┏━━

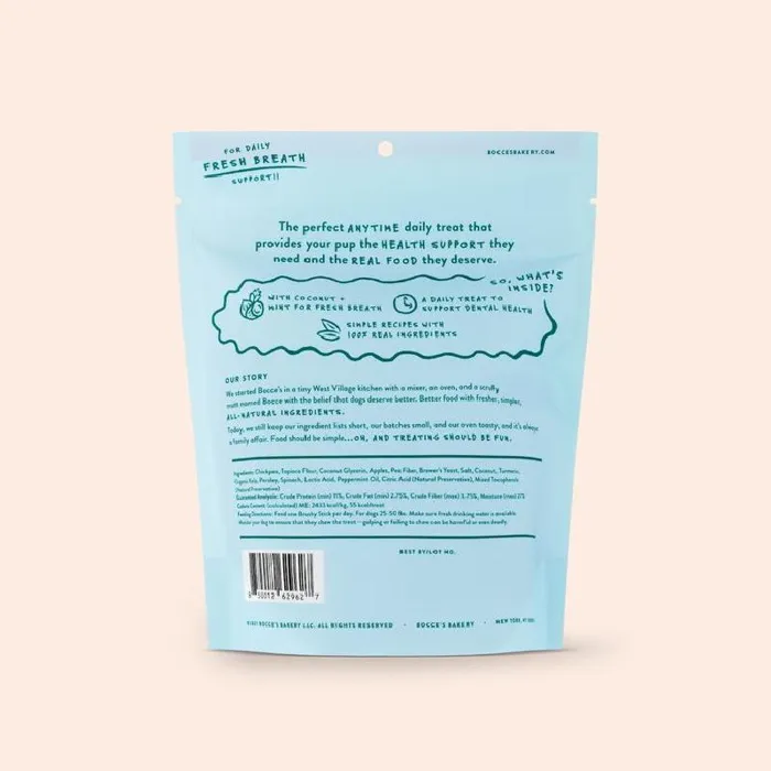Every Bocce's Brushy Stick dental bar is made with limited and simple ingredients like nutty coconut and crisp mint to support your doggy’s overall dental health and extra fresh breath. (Don’t worry - no artificial ‘flavorings’ or fillers here.) Oh, and bristle-shaped for extra cleaning, too! Brushy Sticks dental bars are available in 3 sizes - for the safest treat time, it's important to choose the right size dental bar based on your pup’s weight. Small: 5-25 lbs | Medium: 25-50 lbs | Large: 50+ lbs
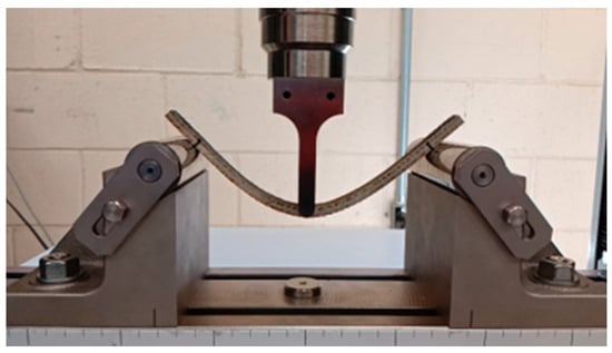 Flexural testing followed ASTM D790 standards using a SHIMADZU AG-IC 100 kN Universal Testing Machine (Shimadzu Corporation, Kyoto, Japan) (https://www.shimadzu.com/) (accessed on 4 April 2025) with TRAPEZIUM X software for control and data acquisition. Flexural tests were performed as three-point bending tests with a constant crosshead speed of 2 mm/min until specimen failure or 5% strain, whichever occurred first (see Figure 3b). The load and displacement data were captured for analysis, and the results were averaged from six specimens per laminate configuration for each test type for statistical reliability.
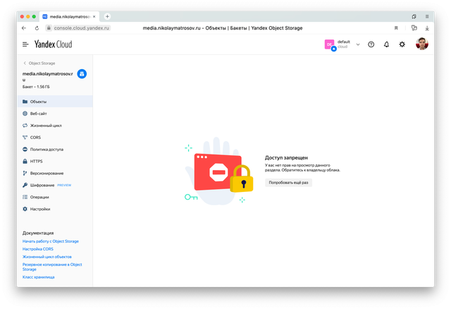 Соответственно, если кто-то попытается встроить видео напрямую из вашего бакета к себе на сайт, у него ничего не получится. Он вместо этого получит ошибку HTTP/1.1 403 Forbidden.
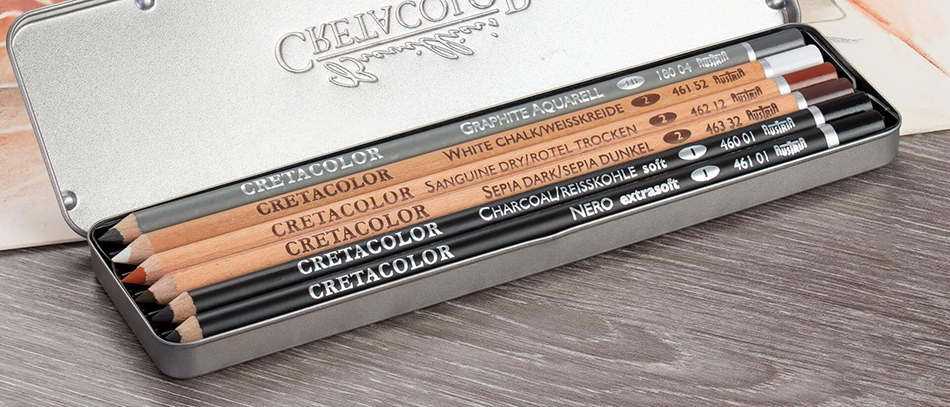 Et basissett med kunstnerblyanter fra Cretacolor. Inneholder: Sanguine, Sepia, White pastel, Charcoal, Nero og Graphic Aquarell 4B.
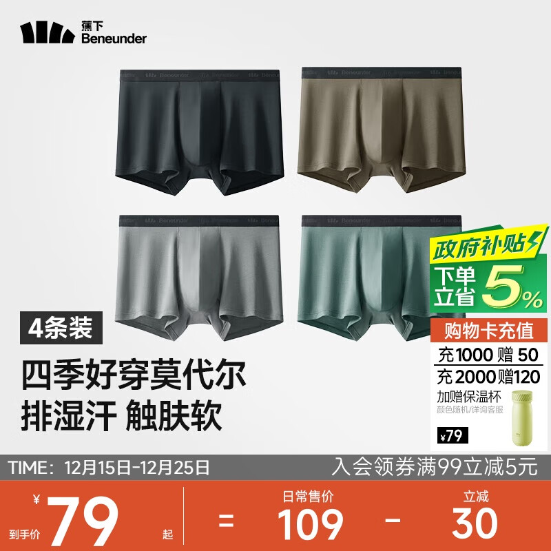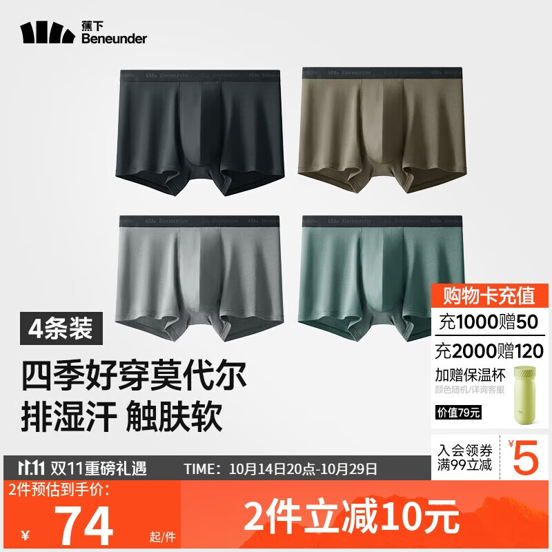 蕉下莫代尔内裤男士运动内裤裤衩四角平角裤无痕裸感透气款四季
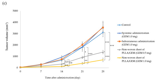 2.8. Antitumor Efficacy of the GEM-Containing Non-woven Sheets in a Subcutaneous Tumor-Bearing Mouse Model
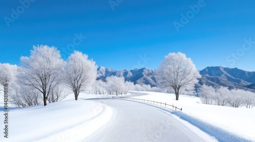 Snowy Road Winding Mountain Trees Serene Vibrant High-resolution Panoramic View Frosty Branches Peaceful Scene Mountain Range backdrop Bright Cold Winter Travel Advertisement
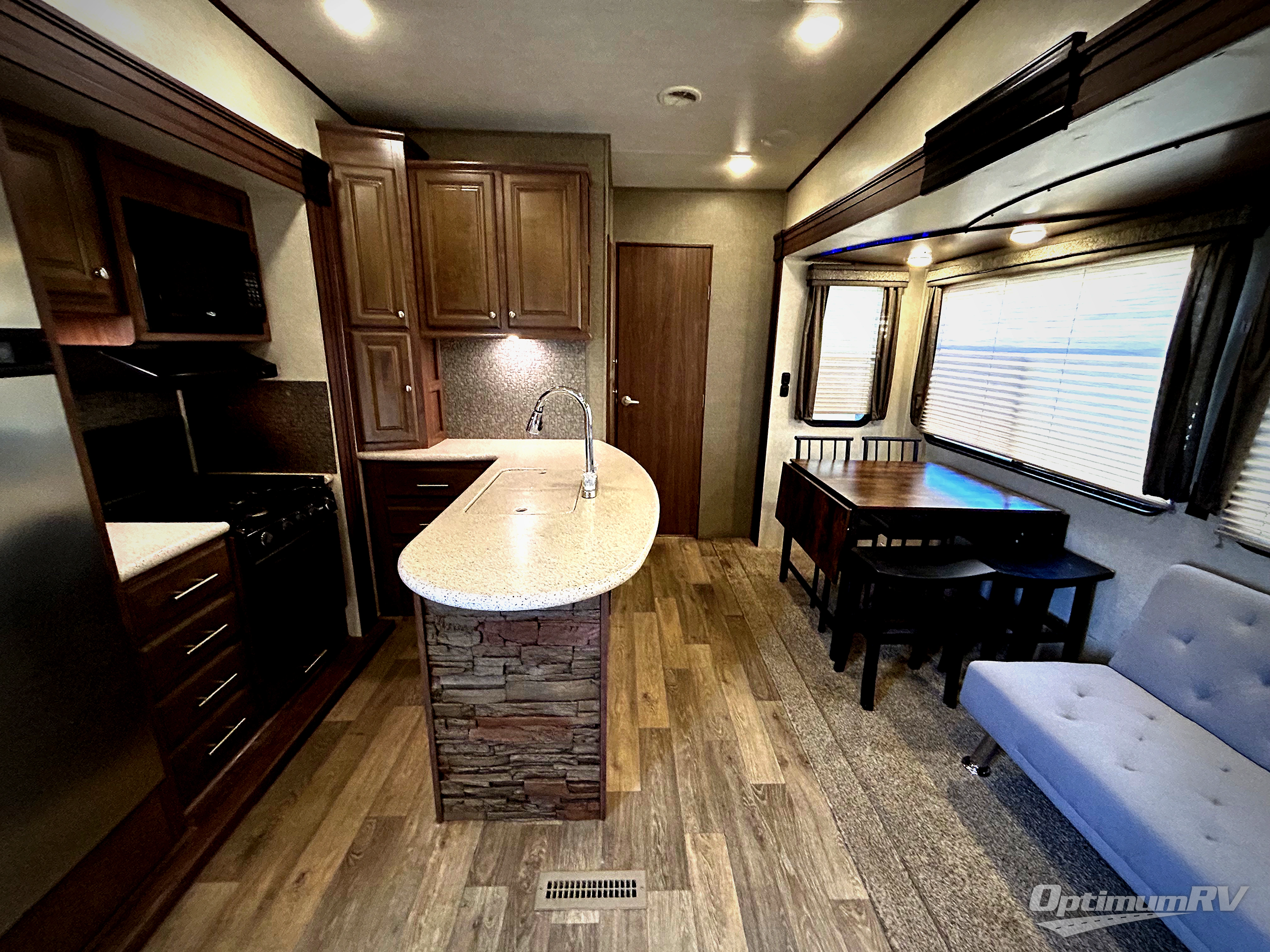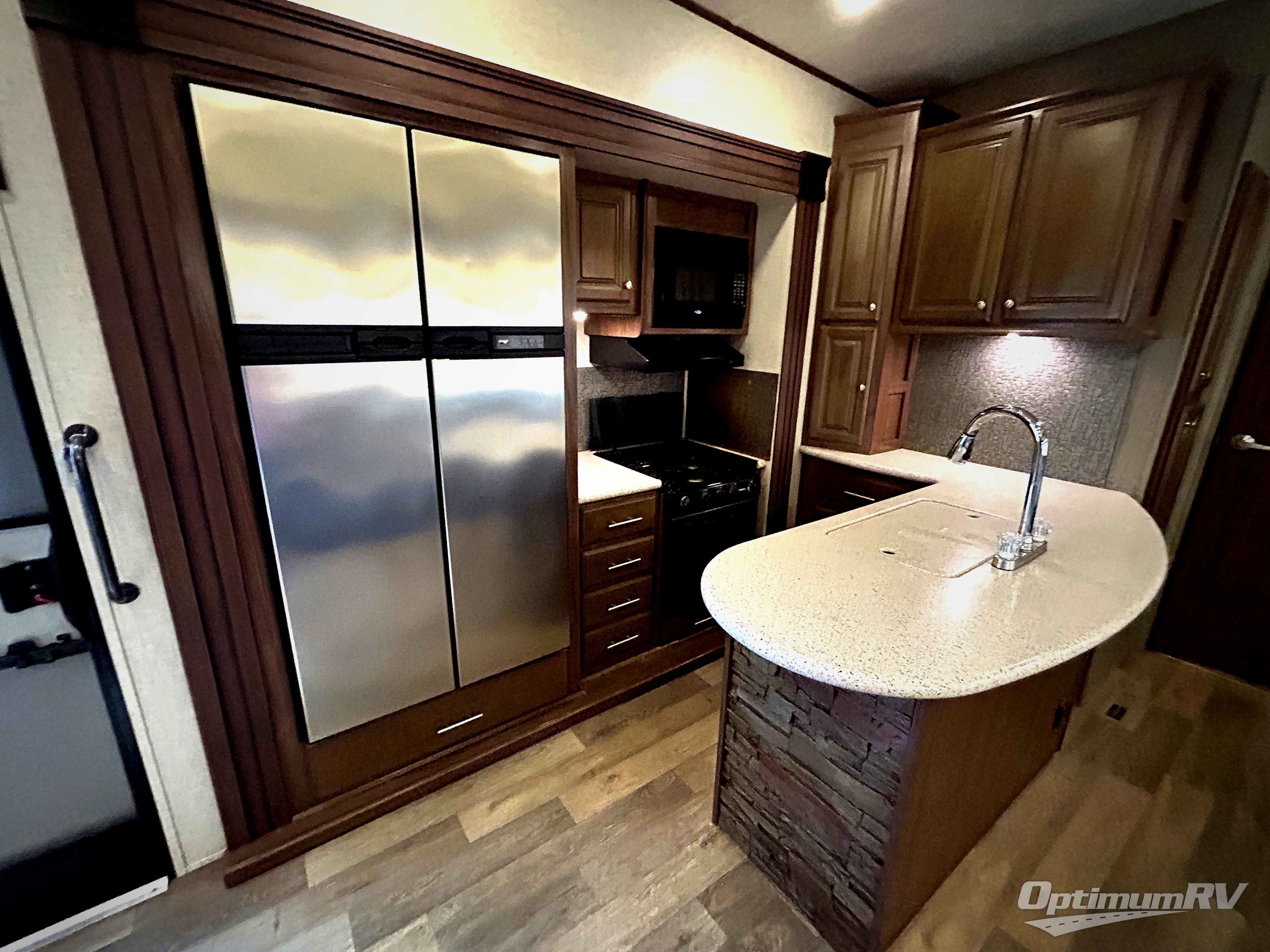 Back in the main living space find a slide out refrigerator (four door optional available), and three burner range with microwave oven above. Next, a L-shaped counter which includes the double kitchen sink. There are two bar stools so you can enjoy a conversation easily with family or friends as you prepare and cook food. A LCD TV is located above the counter and can easily be viewed throughout the space.
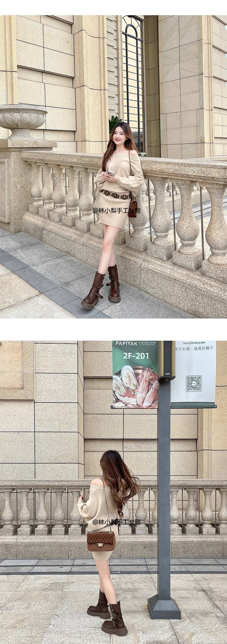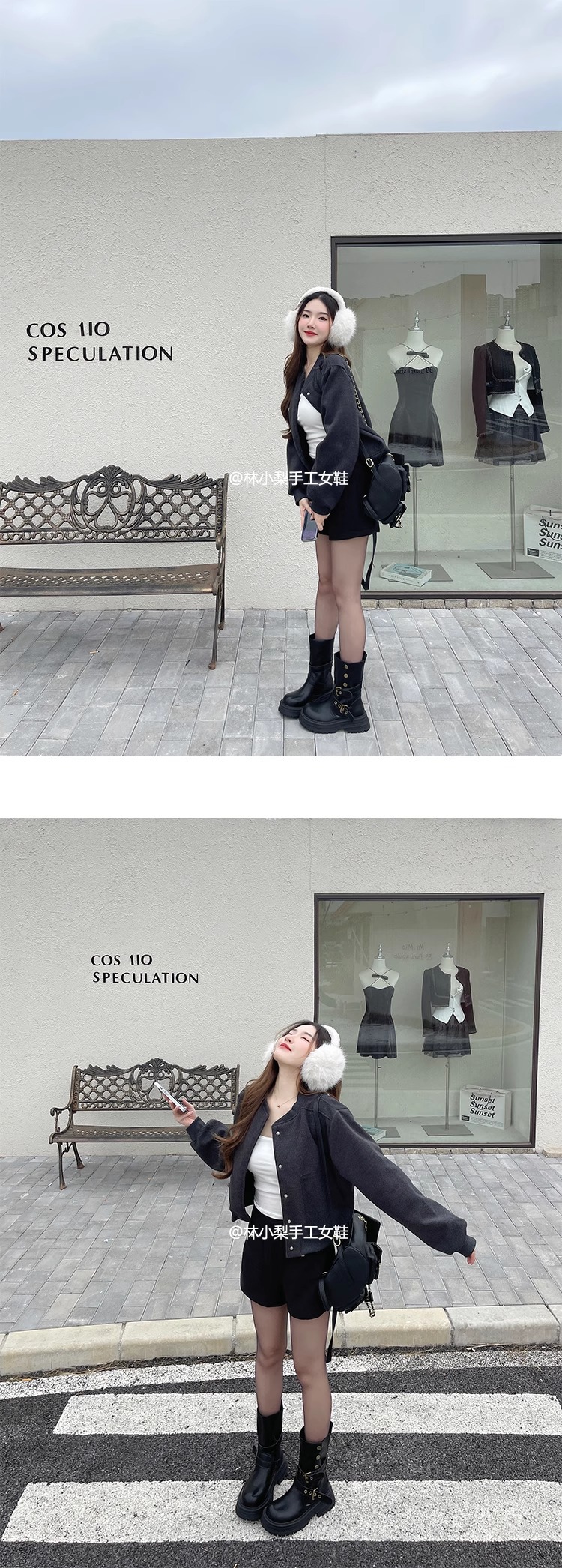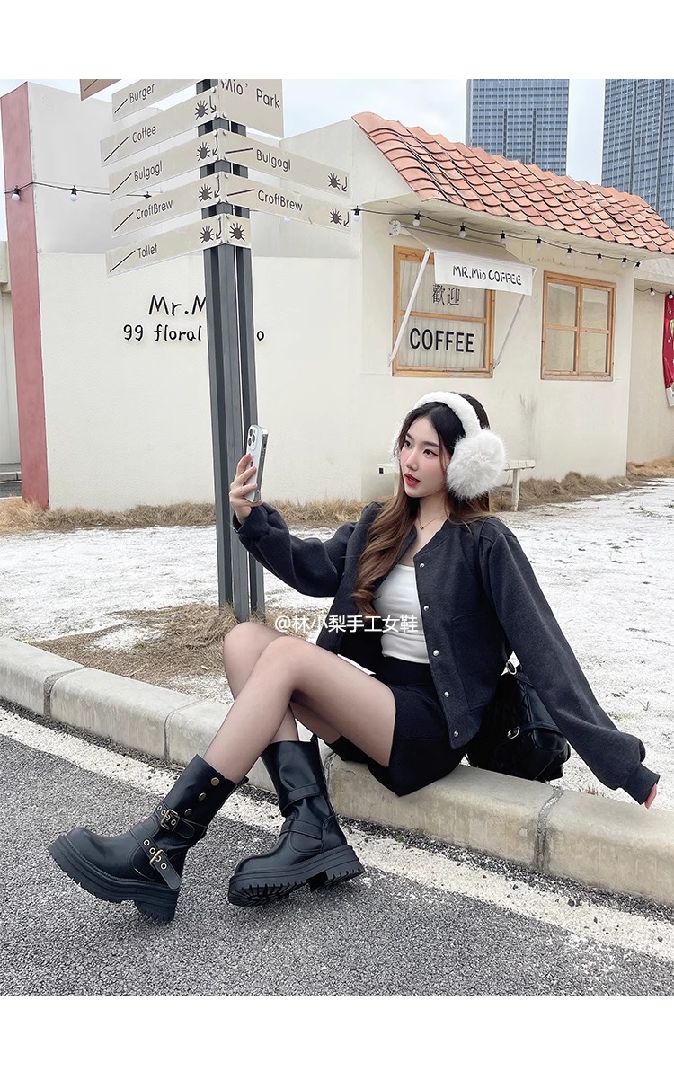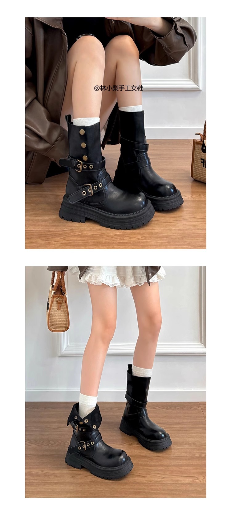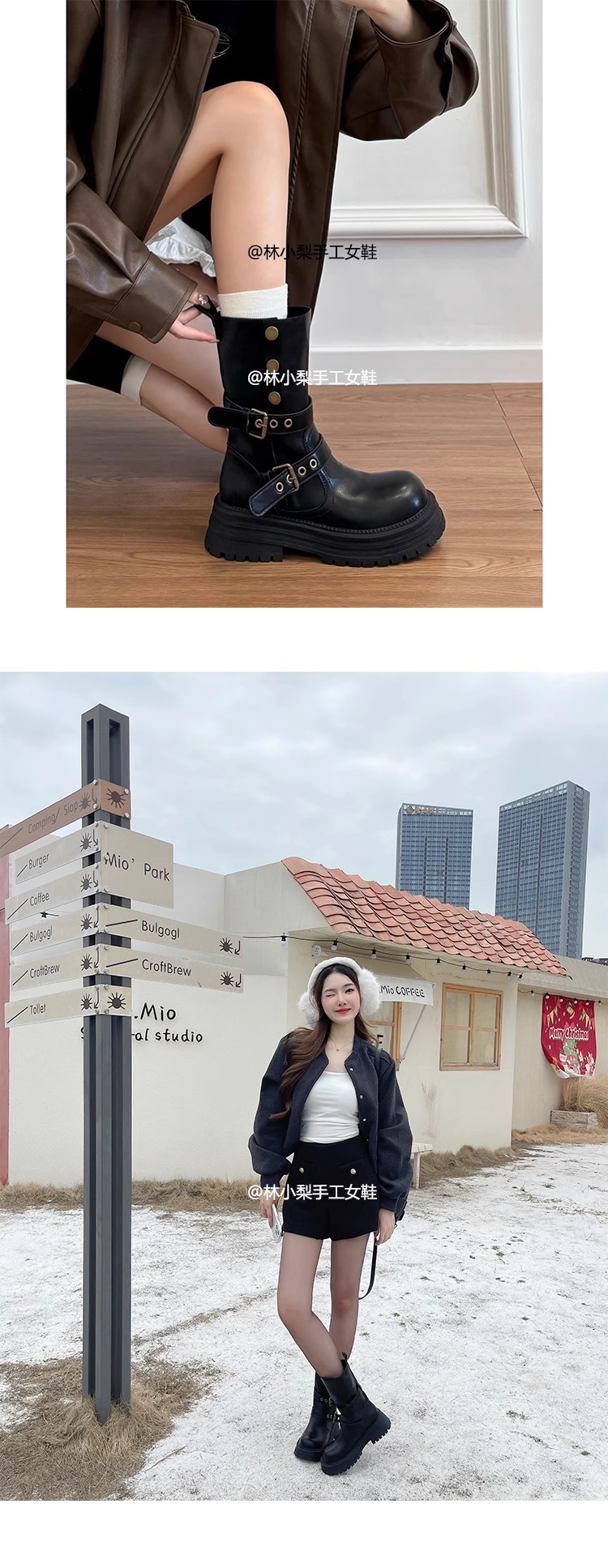 재고 있음 ~ 여성용 소형 두꺼운 밑창 메일라드 미드 종아리 짧은 부츠 2025 새로운 영국 스타일 복고풍 브라운 마틴 부츠

┗━━

Could you transcribe all of the data exactly and omit the pictures?

## WRITTEN RESPONSE
Every Bocce's Brushy Stick dental bar is made with limited and simple ingredients like nutty coconut and crisp mint to support your doggy’s overall dental health and extra fresh breath. (Don’t worry - no artificial ‘flavorings’ or fillers here.) Oh, and bristle-shaped for extra cleaning, too! Brushy Sticks dental bars are available in 3 sizes - for the safest treat time, it's important to choose the right size dental bar based on your pup’s weight. Small: 5-25 lbs | Medium: 25-50 lbs | Large: 50+ lbs
 Flexural testing followed ASTM D790 standards using a SHIMADZU AG-IC 100 kN Universal Testing Machine (Shimadzu Corporation, Kyoto, Japan) (https://www.shimadzu.com/) (accessed on 4 April 2025) with TRAPEZIUM X software for control and data acquisition. Flexural tests were performed as three-point bending tests with a constant crosshead speed of 2 mm/min until specimen failure or 5% strain, whichever occurred first (see Figure 3b). The load and displacement data were captured for analysis, and the results were averaged from six specimens per laminate configuration for each test type for statistical reliability.
 Соответственно, если кто-то попытается встроить видео напрямую из вашего бакета к себе на сайт, у него ничего не получится. Он вместо этого получит ошибку HTTP/1.1 403 Forbidden.
 Et basissett med kunstnerblyanter fra Cretacolor. Inneholder: Sanguine, Sepia, White pastel, Charcoal, Nero og Graphic Aquarell 4B.
 蕉下莫代尔内裤男士运动内裤裤衩四角平角裤无痕裸感透气款四季
 2.8. Antitumor Efficacy of the GEM-Containing Non-woven Sheets in a Subcutaneous Tumor-Bearing Mouse Model
 Snowy Road Winding Mountain Trees Serene Vibrant High-resolution Panoramic View Frosty Branches Peaceful Scene Mountain Range backdrop Bright Cold Winter Travel Advertisement
 Back in the main living space find a slide out refrigerator (four door optional available), and three burner range with microwave oven above. Next, a L-shaped counter which includes the double kitchen sink. There are two bar stools so you can enjoy a conversation easily with family or friends as you prepare and cook food. A LCD TV is located above the counter and can easily be viewed throughout the space.
 재고 있음 ~ 여성용 소형 두꺼운 밑창 메일라드 미드 종아리 짧은 부츠 2025 새로운 영국 스타일 복고풍 브라운 마틴 부츠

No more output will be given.